Rapat tersebut dihadiri oleh Wakil Bupati Dr. Hendri, SSTP, MSi, Sekretaris Daerah Kabupaten (Sekdakab) Yusran Fauzi, ST, para kepala dinas, kepala bagian, serta camat. Sekdakab bertindak sebagai moderator dalam pertemuan tersebut. Dalam rapat, Kepala Bappeda, Khirdes Lapendo Pasju, SSTP, MSi, memaparkan 11 program utama dalam program 100 hari bupati-wakil bupati.

“Terdapat 11 program 100 hari, di antaranya perbaikan lampu penerangan jalan utama dari Simpang Korem hingga Simpang Sukaraja, rehabilitasi jalan S. Sukawati, penerbitan surat edaran yang menegaskan tidak ada pungutan biaya pendidikan di tingkat SD dan SMP, serta pemanfaatan kendaraan dinas bupati dan wakil bupati pada hari libur untuk masyarakat. Selain itu, ada program angkat anak yatim piatu sebagai anak asuh pejabat, kerja sama dengan PLN terkait pajak lampu jalan untuk peningkatan Pendapatan Asli Daerah (PAD), serta beberapa program kerja sama lainnya, termasuk optimalisasi Bukit Kaba sebagai objek wisata dan pembentukan lima destinasi wisata baru,” papar Khirdes.

Selain itu, ia juga menyampaikan program unggulan lainnya, seperti penyediaan ambulans gratis di setiap kecamatan, relokasi RSUD dan stadion, penyediaan rumah singgah bagi masyarakat yang berobat, penguatan ekonomi berbasis UMKM, serta revitalisasi Badan Usaha Milik Daerah (BUMD) agar lebih sehat dan berdaya saing.

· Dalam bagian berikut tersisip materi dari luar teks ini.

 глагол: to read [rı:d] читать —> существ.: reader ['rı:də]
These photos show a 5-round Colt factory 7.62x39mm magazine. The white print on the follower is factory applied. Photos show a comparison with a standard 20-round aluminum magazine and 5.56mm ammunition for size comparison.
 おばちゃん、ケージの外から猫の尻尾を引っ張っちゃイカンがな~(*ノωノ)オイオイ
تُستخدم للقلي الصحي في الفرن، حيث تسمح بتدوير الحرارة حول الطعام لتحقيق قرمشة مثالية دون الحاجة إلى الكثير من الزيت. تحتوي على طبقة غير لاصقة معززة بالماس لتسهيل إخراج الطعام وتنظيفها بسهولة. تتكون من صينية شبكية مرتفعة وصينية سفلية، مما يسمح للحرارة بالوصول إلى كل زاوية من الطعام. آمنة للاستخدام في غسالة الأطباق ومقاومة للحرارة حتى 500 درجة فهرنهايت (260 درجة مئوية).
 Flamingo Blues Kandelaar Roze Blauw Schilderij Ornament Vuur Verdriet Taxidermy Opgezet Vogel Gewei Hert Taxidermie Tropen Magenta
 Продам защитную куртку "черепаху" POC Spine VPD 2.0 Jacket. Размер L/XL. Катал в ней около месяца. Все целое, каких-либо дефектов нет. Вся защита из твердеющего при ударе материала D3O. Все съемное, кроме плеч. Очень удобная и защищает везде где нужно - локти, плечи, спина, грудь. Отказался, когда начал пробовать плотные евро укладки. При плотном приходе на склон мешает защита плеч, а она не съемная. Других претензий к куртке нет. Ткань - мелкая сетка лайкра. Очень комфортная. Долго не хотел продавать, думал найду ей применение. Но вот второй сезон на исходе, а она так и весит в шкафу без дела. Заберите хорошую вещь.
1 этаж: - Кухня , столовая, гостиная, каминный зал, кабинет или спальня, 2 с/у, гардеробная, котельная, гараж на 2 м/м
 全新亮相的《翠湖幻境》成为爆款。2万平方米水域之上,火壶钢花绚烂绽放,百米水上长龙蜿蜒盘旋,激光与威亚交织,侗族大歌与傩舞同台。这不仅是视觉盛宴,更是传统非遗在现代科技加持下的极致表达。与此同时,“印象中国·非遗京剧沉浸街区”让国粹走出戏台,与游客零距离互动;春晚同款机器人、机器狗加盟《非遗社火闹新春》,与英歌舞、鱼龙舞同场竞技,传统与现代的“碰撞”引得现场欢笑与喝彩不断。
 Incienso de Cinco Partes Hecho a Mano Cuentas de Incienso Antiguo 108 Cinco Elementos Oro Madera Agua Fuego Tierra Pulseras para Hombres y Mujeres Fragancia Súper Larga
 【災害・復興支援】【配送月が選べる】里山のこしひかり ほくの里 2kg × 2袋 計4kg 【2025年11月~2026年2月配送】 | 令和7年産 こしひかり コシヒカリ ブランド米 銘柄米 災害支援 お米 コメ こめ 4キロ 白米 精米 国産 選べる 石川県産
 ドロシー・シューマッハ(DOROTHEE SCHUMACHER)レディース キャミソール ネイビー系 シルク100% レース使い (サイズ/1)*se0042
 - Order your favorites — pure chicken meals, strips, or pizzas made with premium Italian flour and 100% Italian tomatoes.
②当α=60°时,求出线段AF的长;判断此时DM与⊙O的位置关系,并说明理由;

Dalam kesempatan tersebut, Bupati Rejang Lebong langsung meminta seluruh OPD untuk berperan aktif dalam mendukung program ini. “Setiap camat harus melihat potensi di daerahnya dan mengambil langkah nyata. Misalnya, Camat Curup Tengah dapat melakukan aksi bersih-bersih drainase minggu ini guna mengatasi banjir di beberapa titik seperti Sidorejo, Talang Rimbo, dan Air Bang. Aksi ini dapat melibatkan TNI-Polri serta masyarakat,” ujar bupati.

Bupati juga menekankan bahwa OPD yang tidak menjadi pengampu utama dalam program 100 hari tetap dapat berinovasi. Sebagai contoh, Dinas Perindustrian dan Perdagangan (Disperindag) dapat menyelenggarakan bazar sembako menjelang bulan Ramadan.

Menutup rapat, Sekdakab Yusran Fauzi merangkum hasil diskusi dengan menegaskan bahwa setiap OPD harus segera melaporkan inovasi dan dukungan mereka dalam pelaksanaan program 100 hari dalam minggu ini. Selain itu, seluruh pejabat diharapkan selalu mengaktifkan telepon genggam mereka guna memperlancar komunikasi dan koordinasi.